***** Dataset section *****

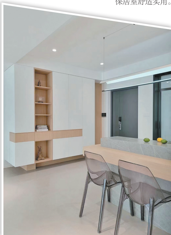
▲收纳分区设计美观实用
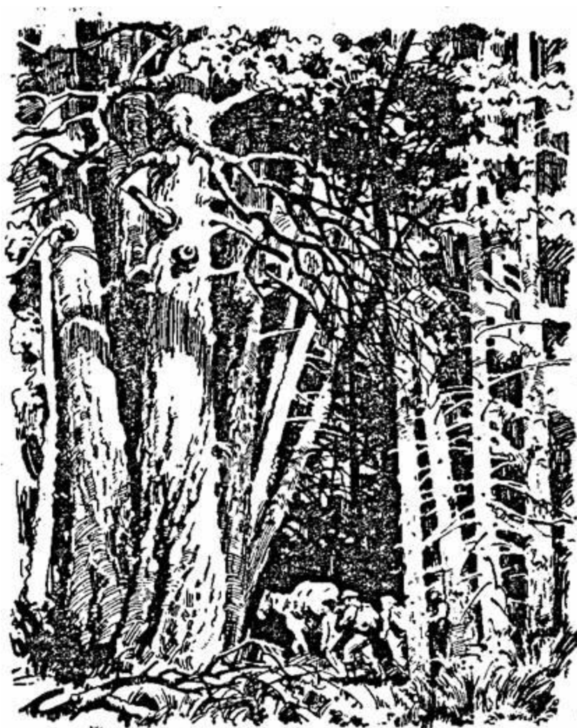
Начался такой лес, какого ребята еще не видывали.

Тропа петляла, обходя столетние могучие великаны, валежины, пни.

*****

All that is needed is the data above, repeated exactly, without the pictures.

▲收纳分区设计美观实用
Начался такой лес, какого ребята еще не видывали.

Тропа петляла, обходя столетние могучие великаны, валежины, пни.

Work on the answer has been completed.